# COLLECTED MATERIAL
• • • • • • •

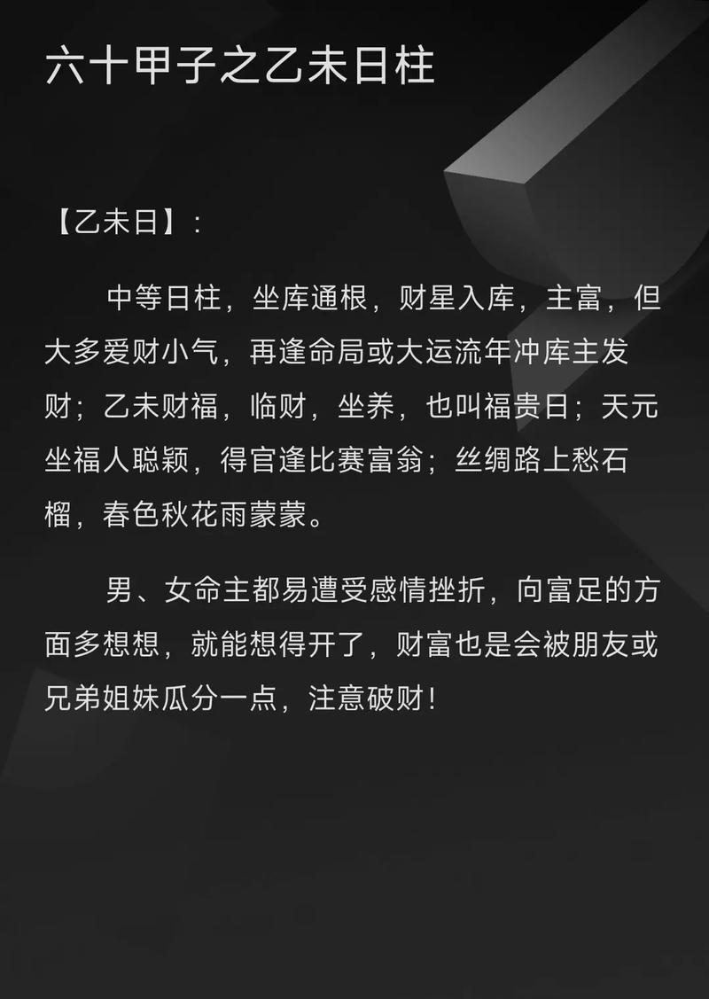 乙未日柱的性格特征乙未日柱的人通常性格溫和,富有同情心。他們像春風般輕柔,擅長與人溝通和建立關(guān)系。他們又有未土的務(wù)實一面,能夠在實際生活中腳踏實地,努力追求自己的目標。這種特質(zhì)使他們在社交和事業(yè)中都能游刃有余,成為朋友和同事眼中的“潤滑劑”。乙木的柔軟也可能讓他們在面臨壓力時表現(xiàn)出脆弱的一面。
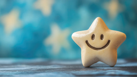 Smiling star-shaped object on blue blurry background
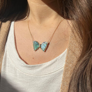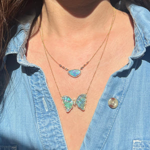 Stunning and one-of-a-kind, this Teal and Blue Tourmaline and pearl Butterfly Necklace is set with a pearl backing and mini diamonds. It is a truly stunning piece. The pearl adds an iridescent glow, with the diamonds add just the perfect amount of sparkle! Butterflies represent hope and transformation.

• • • • • • •

# AIM OF THE TASK
Your copy should match the data above exactly, apart from the pictures.

# OUTPUT
 乙未日柱的性格特征乙未日柱的人通常性格溫和,富有同情心。他們像春風般輕柔,擅長與人溝通和建立關(guān)系。他們又有未土的務(wù)實一面,能夠在實際生活中腳踏實地,努力追求自己的目標。這種特質(zhì)使他們在社交和事業(yè)中都能游刃有余,成為朋友和同事眼中的“潤滑劑”。乙木的柔軟也可能讓他們在面臨壓力時表現(xiàn)出脆弱的一面。
 Smiling star-shaped object on blue blurry background
 Stunning and one-of-a-kind, this Teal and Blue Tourmaline and pearl Butterfly Necklace is set with a pearl backing and mini diamonds. It is a truly stunning piece. The pearl adds an iridescent glow, with the diamonds add just the perfect amount of sparkle! Butterflies represent hope and transformation.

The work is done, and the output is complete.